Maurício apertou a mão dele, um pouco tenso no começo.
Conduzido por um corredor até uma sala pequena, com uma mesa retangular e duas cadeiras confortáveis. O gerente indicou para que ele se sentasse e tomou lugar do outro lado da mesa.
— Vamos começar. Já tem conta em banco ou é a primeira vez? — perguntou enquanto abria o sistema no computador.
— Primeira — ele admitiu.
— Sem problemas. É bem simples. Primeiro, vamos verificar a documentação.
Ele deslizou o envelope pela superfície lisa da mesa até o gerente que imediatamente começou a analisar o conteúdo, digitando as informações no sistema enquanto explicava as etapas do procedimento com paciência.
— Essa conta é vinculada à empresa. Usada para depósito de salário, pagamentos e, eventualmente, economizar, se quiser.
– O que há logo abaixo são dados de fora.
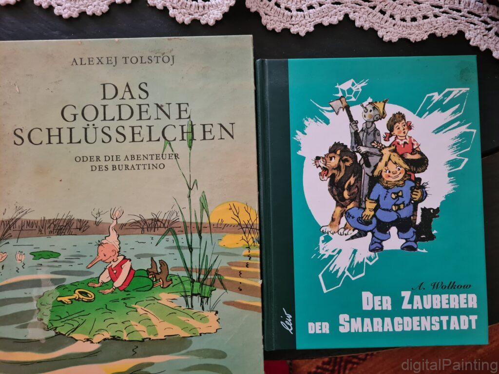 Ich habe schon immer gerne gelesen, das nicht gerade wenig und öfters auch mehrere Bücher (momentan ist es eine Abhandlung vom Nil und einen Thriller von einem meiner Lieblingsautoren Tom Clancy). Das fing eigentlich schon in der ersten Klasse an, nach dem ich lesen konnte habe ich mich sofort in der Schulbibliothek angemeldet. Ok was soll ich nun lesen, man durfte nur ein Buch mitnehmen aber welches die Auswahl war groß. Ich nahm dann den Vorschlag der Bibliothekarin an und habe von Alexander Wolkow „Der Zauberer der Smaragdenstadt“ mitgenommen. Ich war sofort gefangen von dem Buch; für die „Wessis“ es ist die Nachdichtung von „Der Zauberer von Oz“; und versank quasi in der Geschichte. Die anderen Bücher hatte ich dann selbstverständlich auch schnell gelesen. Und da war es um mich geschehen „BÜCHER“, zum Glück förderten meine Mutter, meine Großeltern und die Pateneltern von meiner Mutter meinen Lesedurst. Unter anderen auch mit dem Buch „Das goldene Schlüsselchen oder die Abenteuer des Burratino“ von Alexej Tolstoj; für die Wessis „Pinocchio“; die Bebilderung und auch das Cover war für DDR-Bücher etwas besonderes. Ich habe das Buch jetzt über 40 Jahre, es ist ein bisschen „durchgelesen“ aber es existiert noch. Damals in der DDR hat man jedes Jahr ein neues Buch besprochen von „Robinson Cruseo“ bis hin zu „Die Abenteuer des Werner Holt“, ich habe alle Bücher gleich durchgelesen das betraf auch andere Lehrbücher aus der Geographie, Heimatkunde etc..

Também podemos oferecer um cartão de débito e, adiante, até um de crédito, dependendo da sua movimentação.
Disse entregando as informações impressas em uma folha de papel sulfite.
— E será que tem algum custo extra?
— Essa aqui é uma conta básica, então as tarifas são bem baixas. E, como é vinculada à empresa, alguns serviços podem ser isentos. Vou te explicar tudo quando terminarmos.
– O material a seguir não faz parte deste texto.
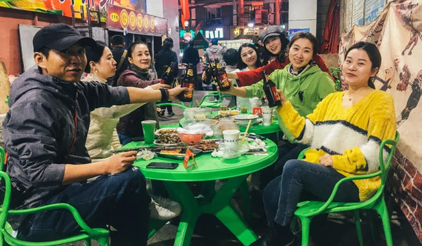 正宁路,每一次来兰州都必须要打卡的地方,坐在黄河边吃着西北烤肉串,喝点黄河啤酒,这才是旅行嘛。刚好在这里与付老司机的队伍汇合,巧了。

O gerente finalizou o cadastro e se levantou chamando pelo ramal uma das atendentes para concluir o procedimento.
Uma mulher jovem, organizada, entrou na sala. Ela carregava um tablet e um sorriso amigável. — Olá. Vamos precisamos coletar sua assinatura digital e uma foto para o cadastro. Tudo bem?
— Pois não — respondeu ele com educação, ainda se sentindo um pouco fora de orbita, e um certo alívio.
A etapa foi concluída, e o gerente voltou para apertarem as mãos novamente. — Parabéns, sua conta está em nossos sistemas. Seu cartão será enviado para o endereço cadastrado em até 15 dias úteis.
Maurício se levantou da cadeira. — Eu agradeço. Foi menos complicado que achei que seria.
Abrir uma conta bancária podia ser um detalhe trivial, pra ele, era um símbolo de autonomia.